• [DATA SHOWN]:
= Beginning of Section =
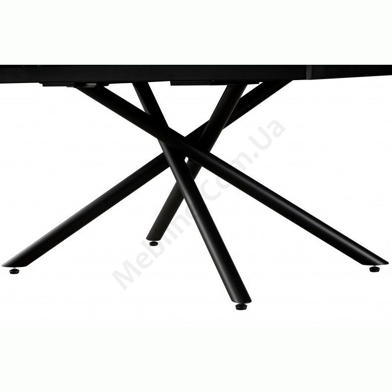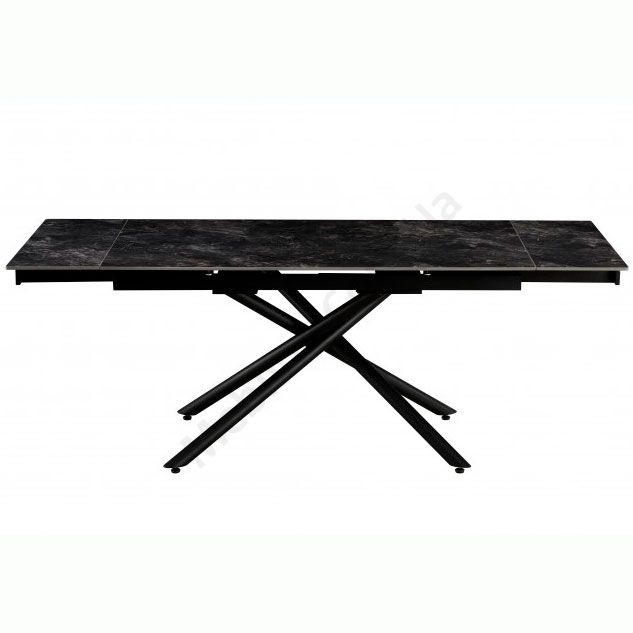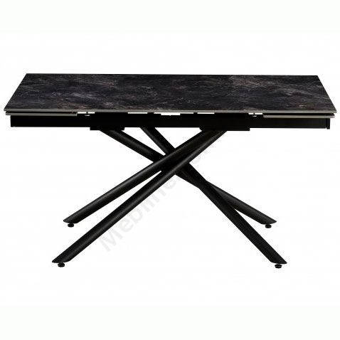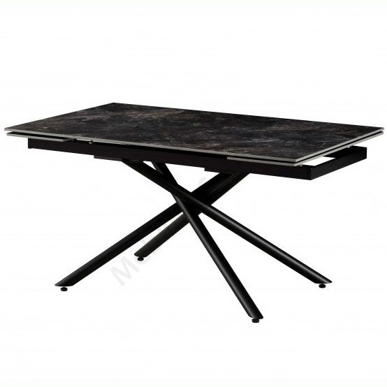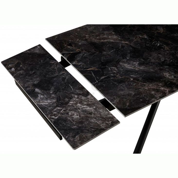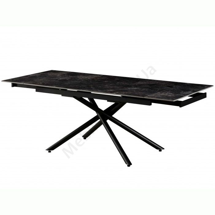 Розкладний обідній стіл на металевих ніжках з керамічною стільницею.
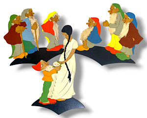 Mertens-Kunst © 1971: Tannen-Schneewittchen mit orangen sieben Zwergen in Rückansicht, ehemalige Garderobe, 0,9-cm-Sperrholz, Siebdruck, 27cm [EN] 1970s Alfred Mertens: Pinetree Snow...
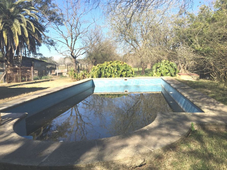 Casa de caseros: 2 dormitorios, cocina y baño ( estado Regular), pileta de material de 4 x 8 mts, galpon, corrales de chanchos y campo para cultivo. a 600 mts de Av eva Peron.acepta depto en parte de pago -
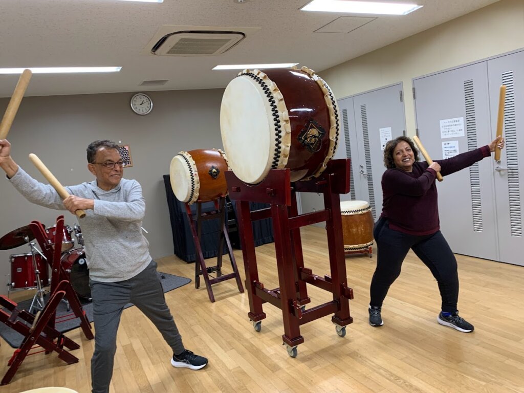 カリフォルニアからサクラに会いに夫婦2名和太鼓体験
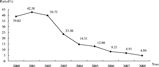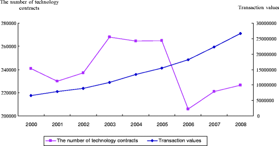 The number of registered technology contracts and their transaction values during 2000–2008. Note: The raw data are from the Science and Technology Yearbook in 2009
= End of Section =
• [ACTIVITY]: Every line of the listing above is to be set down verbatim, without the pictures.

• [FINISHED TASK]:
 Розкладний обідній стіл на металевих ніжках з керамічною стільницею.
 Mertens-Kunst © 1971: Tannen-Schneewittchen mit orangen sieben Zwergen in Rückansicht, ehemalige Garderobe, 0,9-cm-Sperrholz, Siebdruck, 27cm [EN] 1970s Alfred Mertens: Pinetree Snow...
 Casa de caseros: 2 dormitorios, cocina y baño ( estado Regular), pileta de material de 4 x 8 mts, galpon, corrales de chanchos y campo para cultivo. a 600 mts de Av eva Peron.acepta depto en parte de pago -
 カリフォルニアからサクラに会いに夫婦2名和太鼓体験
 The number of registered technology contracts and their transaction values during 2000–2008. Note: The raw data are from the Science and Technology Yearbook in 2009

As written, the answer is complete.